I am by no means an expert on NFS. I border on being NFS-literate, in fact. But I excel at encountering errors. Here, I will attempt to document some of the ones I’ve figured out how to fix / work around.
mount.nfs: access denied by server
This is the error that led to the joking “one weird trick” (referencing those spammy ads) title of this post.
I keep running into errors like this:
$ sudo mount -t nfs winterfell:/home/j /mnt/j
mount.nfs: access denied by server while mounting winterfell:/home/j
I think the error can be caused by a number of things. From the client, check that showmount -e winterfell
(where winterfell
, of course, is the name of the server you’re trying to mount a volume from) (a) returns anything at all (meaning you can at least reach the server), (b) lists the share matching the one you’re trying to mount, and (c) has an IP mask that matches the one you’re connecting from.
If (a) fails, check iptables
(make sure port 2049, at least, is open). If (b) or (c) fails, fix it in /etc/exports
, and reload the config with exportfs -r
.
But if everything above looks normal, but you can’t actually mount the share, it’s probably this: NFSv4 appears to require functional reverse DNS or it will fail without telling you much about what’s going on. I’m still a bit in the dark on the details. You might try using the IP instead of a hostname. If that doesn’t work, the “one weird trick” is to fall back to NFSv3 (or even NFSv2, but don’t), which doesn’t do this. Something like this:
sudo mount -t nfs -o nfsvers=3 winterfell:/home/j /mnt/j
If that succeeds, you’ll know the problem.
mount_nfs: can’t mount $share from $hostname onto $mountpoint: Operation not permitted
I keep getting this one when trying to mount things on a Mac client.

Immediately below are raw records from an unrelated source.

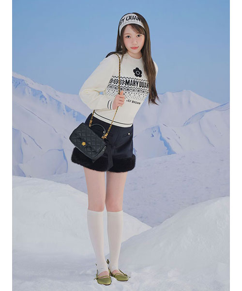 ウール混の上質な糸を使用し、柔らかな肌触りと保温性を確保。冬のスタイリングを彩るノルディック柄に、MARY QUANTとのコラボレーションならではの華やぎをプラスしました。
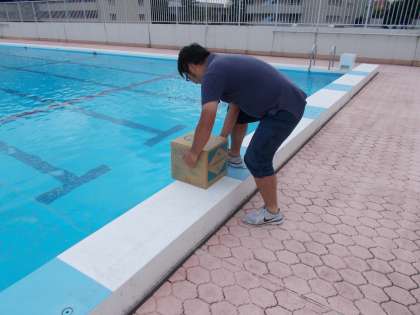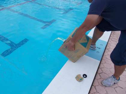 写真ではプールに直接投入していますが、機械室にある循環器の
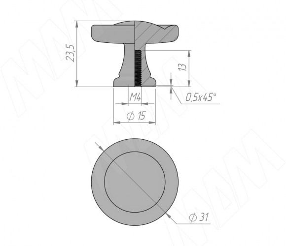 Ручка-кнопка D31мм латунь WPO.841.031.006C
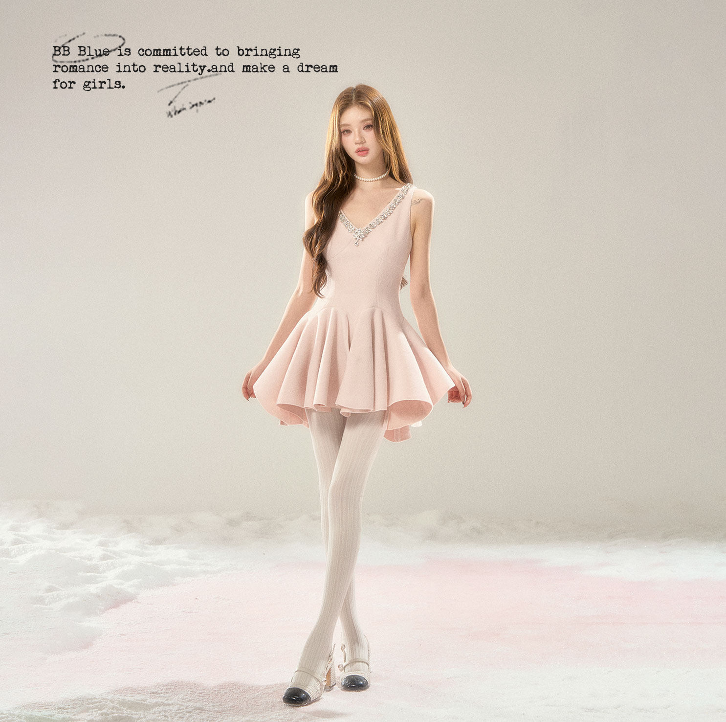 BB BLUE/浪漫甜心/V领毛呢2025年新款收腰法式千金感时尚连衣裙女
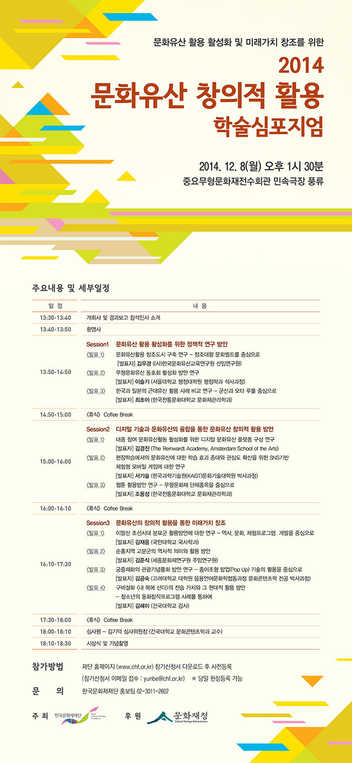 [한국문화재재단] 2014 문화유산 창의적 활용 학술심포지엄 개최 안내
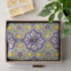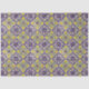 Papier Mousseline Bleu Méditerranée Motif Fleurs Jaunes
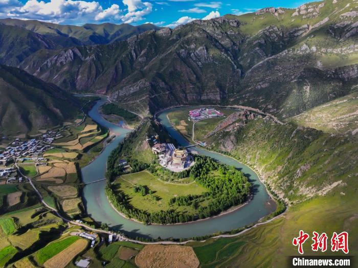 资料图为航拍玉树州澜沧江东源孜曲。马铭言 摄
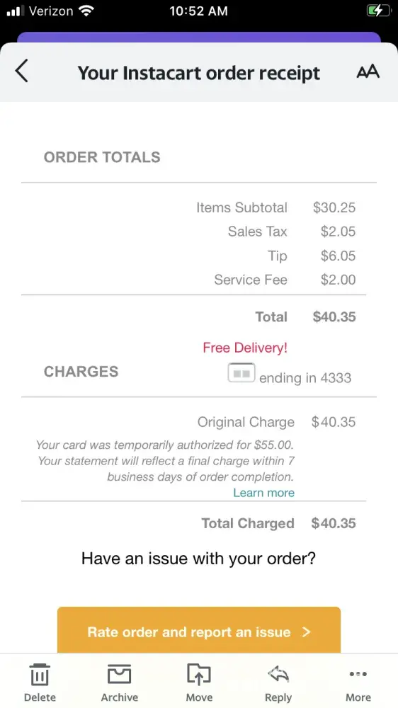 10-15% more just in case there are substitutions, but it took $55 for a $40 bill (that's with fees and a 20% tip) from my bank account despite the fact that I attempted to pay with $50 ApplePay, the service it requested that I use. Instacart plundered my bank account instead (I don't know how it had access). While Instacart eventually returned the stolen $15 (an extra 40% to the total bill, 80% more than the cost of groceries), my account is overdrawn due to Instacart's fraud.

This is fixed by adding the -o resvport
flag to your mount command, e.g.:
sudo mount -t nfs -o resvport winterfell:/home/j /mnt/j
IIUC, what is happening here is that the server is requiring that clients connect from a reserved (<1024) port (which only superusers can do), but the Mac client doesn’t do that by default. -o resvport
tells it to bind to a reserved port, and you’re golden.
Hopefully someone else will find these tips useful. (That “someone else” may be me in six months’ time…)
Another one:
If you have an NFS mount that’s seen a network failure and can’t be unmounted, you might find that even the
-f
(force) option toumount
doesn’t work.Check out the
-l
option, though (on Linux, at least):umount -fl /mnt/some-nfs-share
has worked well for me.Thanks for your handy trick. I was not having exactly the same problem, but close enough for me to try using nfsv3 — and it worked. ( big thanks !!! )
I was commissioning a donated server ( A Dell 2950, running Debian 7.5 ) as the master file server for everyone’s home directory at our school. Our network is a real mess, from gigabit to dodgy wireless to connect to all the client machines. What was happening with nfsV4 was the occasional lockup of an nfs read or write, notably on the poor quality links. A tcpdump showed strange retries, as if there was a strange deadlock when using nfsV4 flooding the server with retry requests from some machines.
I made all the clients mount with nsfvers=3 in /etc/fstab and the problem went away.